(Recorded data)

——

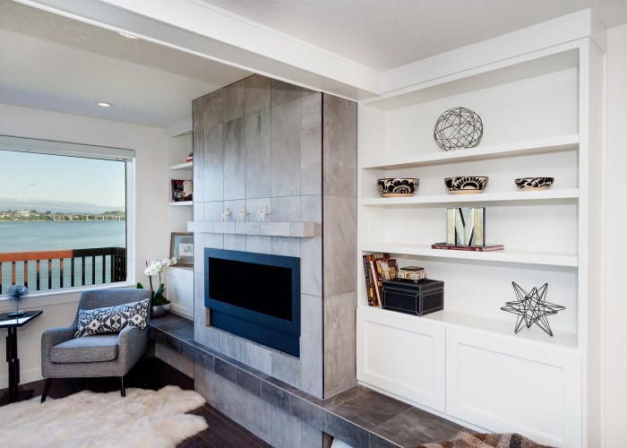 The original designed fireplace and bookshelves combination is part of a major remodel.
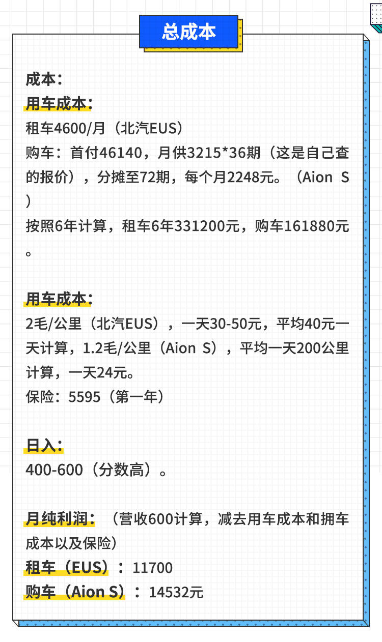 教授也算了算,这台车如果租6年,那么成本是27.36万元,而这款车新车顶配才17.08万元,所以还是买车比较划算。
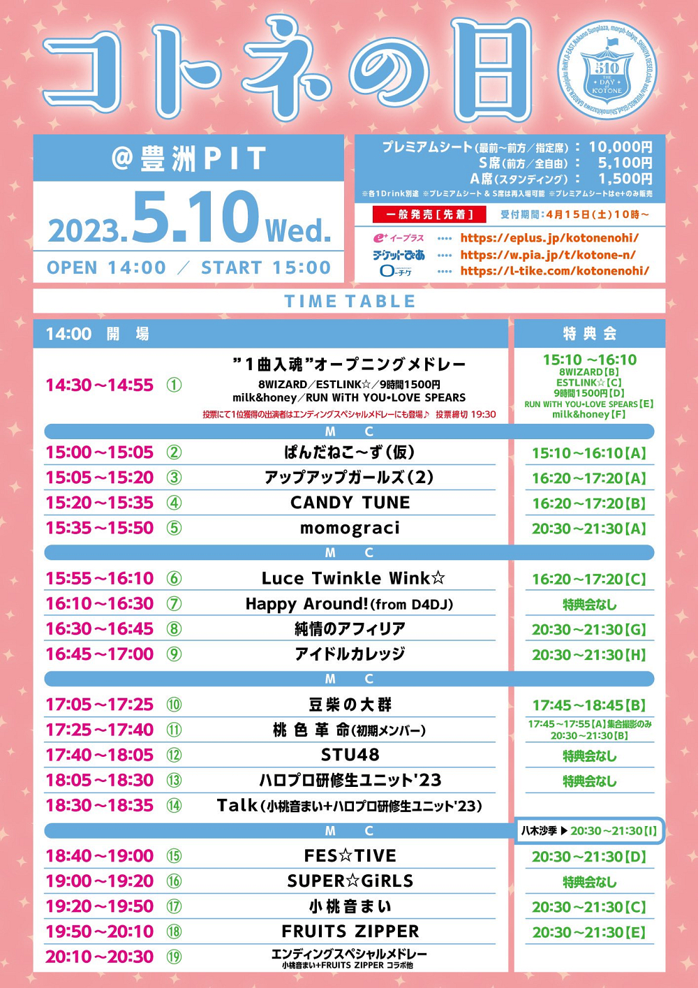 今回の「コトネの日」にも、たくさんのアイドルさんに来ていただきました。ハロプロ研修生ユニット’23さんも参加されて、過去最強ラインナップとなりました。今回はコラボもさせていただく予定なのと、生バンドライブなのでそれも楽しみにしていただけたら嬉しいです。
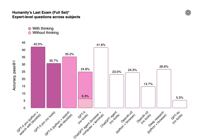 On Humanity’s Last Exam — a difficult test measuring AI model performance across math, humanities, and the natural sciences — a version of GPT-5 with extended reasoning (GPT-5 Pro) scored 42% when using tools. That’s slightly less than xAI was able to achieve with Grok 4 Heavy, which scored 44.4% on the test.
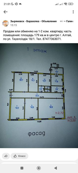 Продам часть дома 179 кв. м, по ул. Түелсіздык 18/1  (бывший дет. сад)
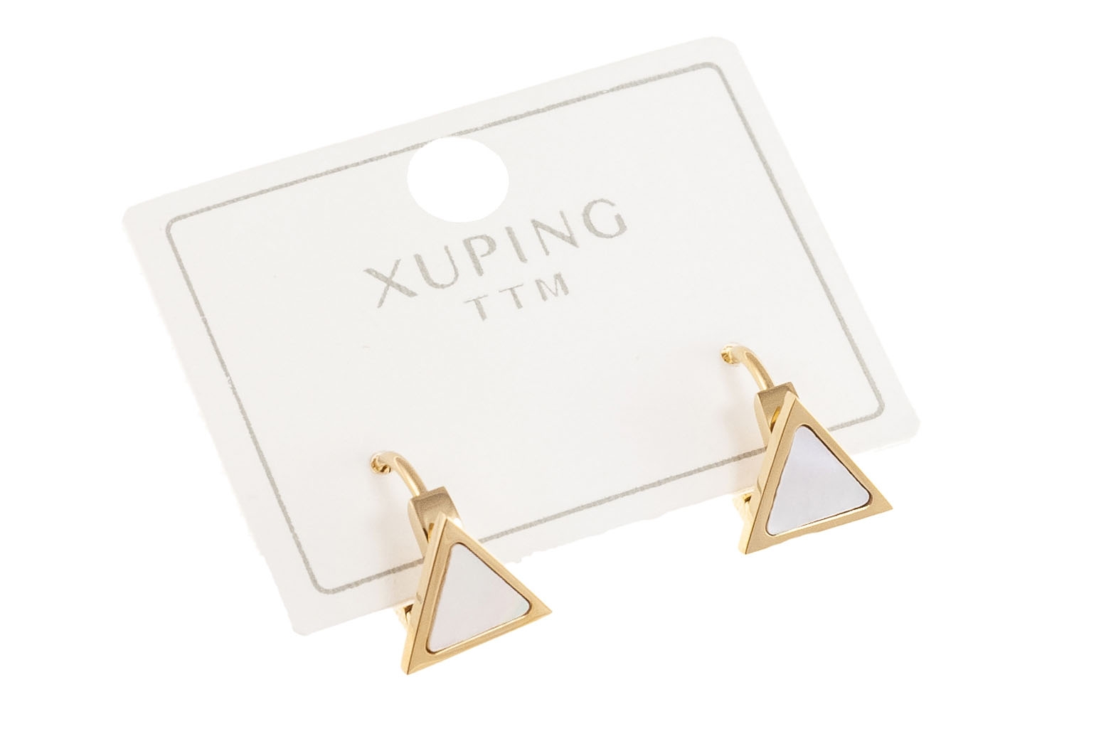 Eleganckie, złote kolczyki z białymi trójkątami.
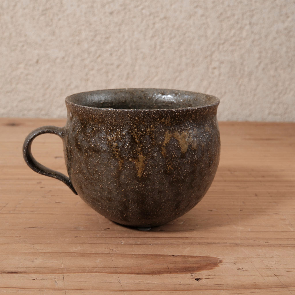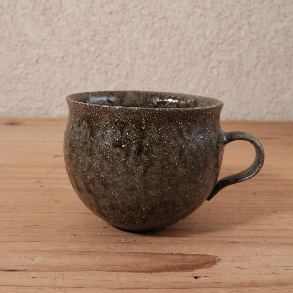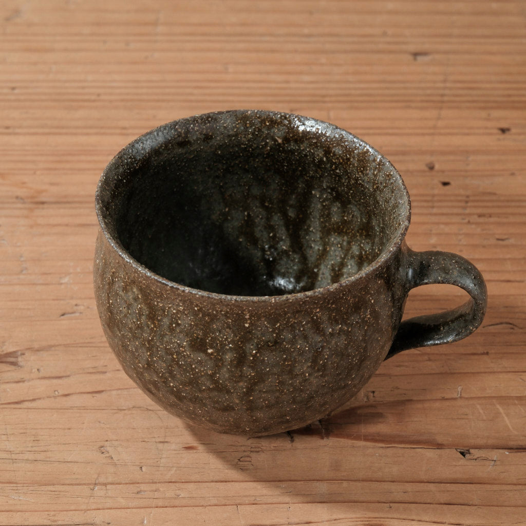 コーヒーの濃い色とも相性がよく、日々の一杯に落ち着きを与えてくれるマグです。
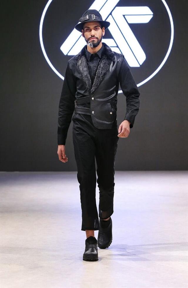LAT has done a incredible job honoring his Latin American heritage and depicting what a modern day gentleman, brave enough to break social and cultural norms should wear. The collection is basic in color and structural in design. Lautaro has created monochromatic outfits in black, white, grey and navy blue, using noble materials like leather, wool and fur.
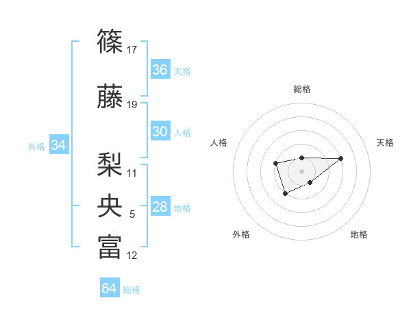 篠藤 梨央富さんの天格は36画の3点!
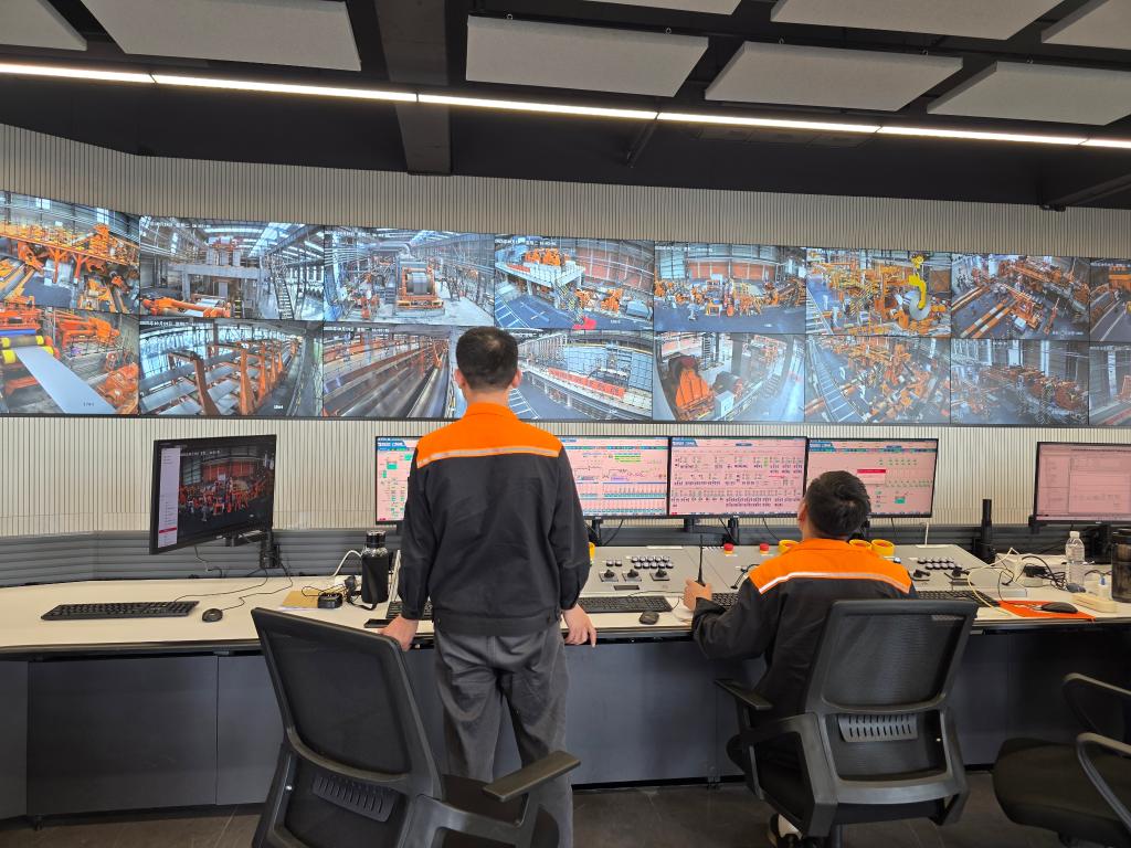 不同于传统印象中“火花四溅、热浪袭人”的生产场景,在这个整洁有序、高度智能化的现代车间,偌大的工厂里只有几个工人在操作设备,中控室的巨幅屏幕上各类数据实时跳动,生产流程全貌清晰展现。“企业从2021年持续推进智能化改造,引入人工智能大模型,不但生产效率高了一大截,工人们也都变成了穿戴整洁的操作员。”公司总裁王文辉说。
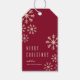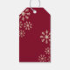 An elegant holiday gift tag by stacey Meacham featuring scattered metallic falling snowflakes on a jewel tone background.
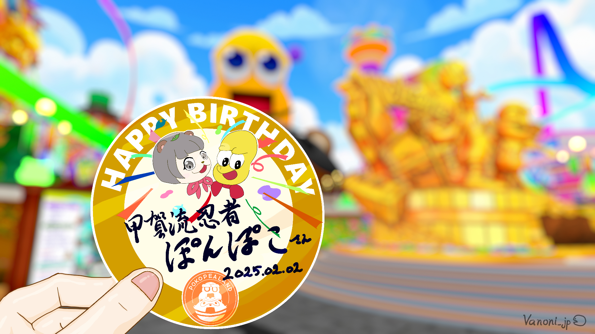 誕生日に遊園地に行くともらえるステッカーイメージ ぽんぽこ誕生日おめでとう!! #ぽこあーと #ぽんぽこ生誕祭2025 #ぽこピーランド
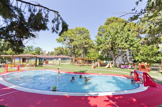 Администрация отеля не забыла также о маленьких посетителях. Для них оборудована комната, игровое помещение, мини-диско, отдельный ресторан, площадка для спортивных конкурсов, водные горки в бассейнах. Профессиональные аниматоры уделяют внимание каждому ребенку, поэтому о досуге детей можете не беспокоиться. Здесь есть три клуба для разных возрастных групп:
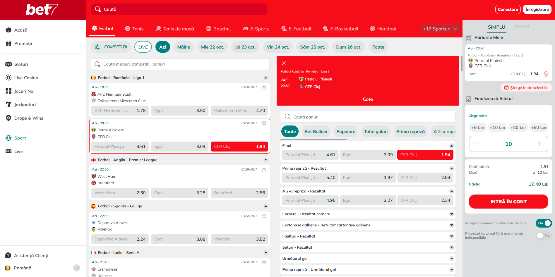 - Bet Builder – Permite plasarea mai multor pariuri din același meci pe un singur bilet;

——

## WORK ORDER
An exact reproduction of the data above is required, with every picture removed.

## THE COMPLETED TASK
 The original designed fireplace and bookshelves combination is part of a major remodel.
 教授也算了算,这台车如果租6年,那么成本是27.36万元,而这款车新车顶配才17.08万元,所以还是买车比较划算。
 今回の「コトネの日」にも、たくさんのアイドルさんに来ていただきました。ハロプロ研修生ユニット’23さんも参加されて、過去最強ラインナップとなりました。今回はコラボもさせていただく予定なのと、生バンドライブなのでそれも楽しみにしていただけたら嬉しいです。
 On Humanity’s Last Exam — a difficult test measuring AI model performance across math, humanities, and the natural sciences — a version of GPT-5 with extended reasoning (GPT-5 Pro) scored 42% when using tools. That’s slightly less than xAI was able to achieve with Grok 4 Heavy, which scored 44.4% on the test.
 Продам часть дома 179 кв. м, по ул. Түелсіздык 18/1  (бывший дет. сад)
 Eleganckie, złote kolczyki z białymi trójkątami.
 コーヒーの濃い色とも相性がよく、日々の一杯に落ち着きを与えてくれるマグです。
LAT has done a incredible job honoring his Latin American heritage and depicting what a modern day gentleman, brave enough to break social and cultural norms should wear. The collection is basic in color and structural in design. Lautaro has created monochromatic outfits in black, white, grey and navy blue, using noble materials like leather, wool and fur.
 篠藤 梨央富さんの天格は36画の3点!
 不同于传统印象中“火花四溅、热浪袭人”的生产场景,在这个整洁有序、高度智能化的现代车间,偌大的工厂里只有几个工人在操作设备,中控室的巨幅屏幕上各类数据实时跳动,生产流程全貌清晰展现。“企业从2021年持续推进智能化改造,引入人工智能大模型,不但生产效率高了一大截,工人们也都变成了穿戴整洁的操作员。”公司总裁王文辉说。
 An elegant holiday gift tag by stacey Meacham featuring scattered metallic falling snowflakes on a jewel tone background.
 誕生日に遊園地に行くともらえるステッカーイメージ ぽんぽこ誕生日おめでとう!! #ぽこあーと #ぽんぽこ生誕祭2025 #ぽこピーランド
 Администрация отеля не забыла также о маленьких посетителях. Для них оборудована комната, игровое помещение, мини-диско, отдельный ресторан, площадка для спортивных конкурсов, водные горки в бассейнах. Профессиональные аниматоры уделяют внимание каждому ребенку, поэтому о досуге детей можете не беспокоиться. Здесь есть три клуба для разных возрастных групп:
 - Bet Builder – Permite plasarea mai multor pariuri din același meci pe un singur bilet;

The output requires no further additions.